> Activity: Scan the records below for the line with "這是2023年7月7日在馬耳" and the line with "A informação de". Repeat those two lines and every line between them exactly, and nothing else.

> Records for processing:
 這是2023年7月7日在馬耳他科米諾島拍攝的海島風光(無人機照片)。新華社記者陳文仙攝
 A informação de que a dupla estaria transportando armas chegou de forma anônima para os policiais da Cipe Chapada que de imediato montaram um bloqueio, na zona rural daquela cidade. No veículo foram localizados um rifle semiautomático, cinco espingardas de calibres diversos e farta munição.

...

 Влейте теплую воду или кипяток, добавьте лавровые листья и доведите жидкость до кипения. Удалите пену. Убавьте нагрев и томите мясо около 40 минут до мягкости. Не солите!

> Solution below:
 這是2023年7月7日在馬耳他科米諾島拍攝的海島風光(無人機照片)。新華社記者陳文仙攝
 A informação de que a dupla estaria transportando armas chegou de forma anônima para os policiais da Cipe Chapada que de imediato montaram um bloqueio, na zona rural daquela cidade. No veículo foram localizados um rifle semiautomático, cinco espingardas de calibres diversos e farta munição.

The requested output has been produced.